* What is needed *
The copy you print must match the listing exactly, with its pictures removed.

BEGIN Supplied information

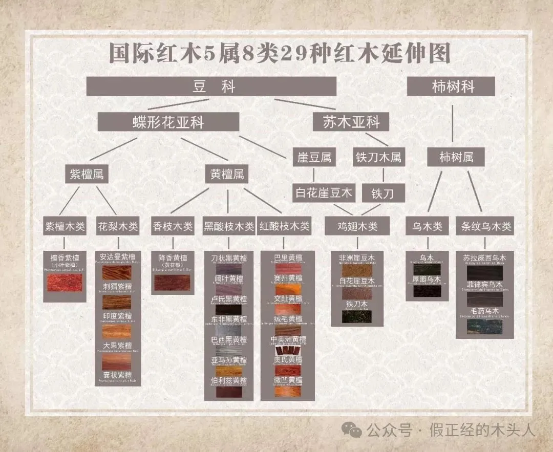 (资料源于百度百科)海南黄花梨:豆科—蝶形花亚科—黄檀属—香枝木类—降香黄檀两者科属相同,最后类目不同,故品相虽相近,但细节还是有明显差异。目前市面上仿冒木种,在国标内的,基本都是黄檀属。可见国际红木5属8类29种红木示意图。(注1:香枝木类就只有海南黄花梨一种,属独立品类。)(注2:在国标红木中的材料,均可经专业检测机构检测出具体品种。)
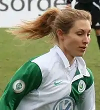 Shelley Ann Thompson (born 8 February 1984) is a German football striker. Between 2001 and 2013, she played for several Bundesliga teams, Atlanta Beat (WPS) and Regis University Rangers (Denver, Colorado), and has scored 1 goal in 2 caps for the German national team. She is of South African and Zimbabwean descent.
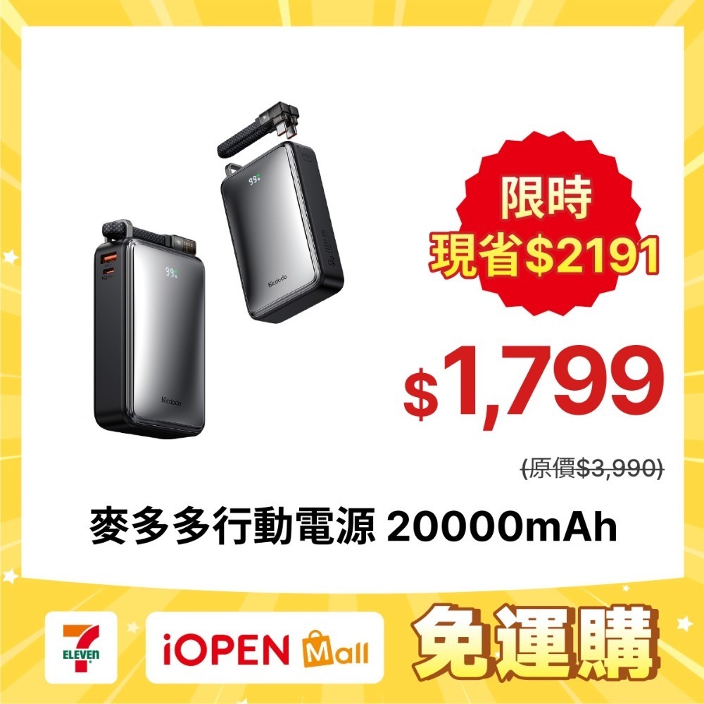 體積小+大容量 20000mAh行動電源

END Supplied information

* Exercise response *
 (资料源于百度百科)海南黄花梨:豆科—蝶形花亚科—黄檀属—香枝木类—降香黄檀两者科属相同,最后类目不同,故品相虽相近,但细节还是有明显差异。目前市面上仿冒木种,在国标内的,基本都是黄檀属。可见国际红木5属8类29种红木示意图。(注1:香枝木类就只有海南黄花梨一种,属独立品类。)(注2:在国标红木中的材料,均可经专业检测机构检测出具体品种。)
 Shelley Ann Thompson (born 8 February 1984) is a German football striker. Between 2001 and 2013, she played for several Bundesliga teams, Atlanta Beat (WPS) and Regis University Rangers (Denver, Colorado), and has scored 1 goal in 2 caps for the German national team. She is of South African and Zimbabwean descent.
 體積小+大容量 20000mAh行動電源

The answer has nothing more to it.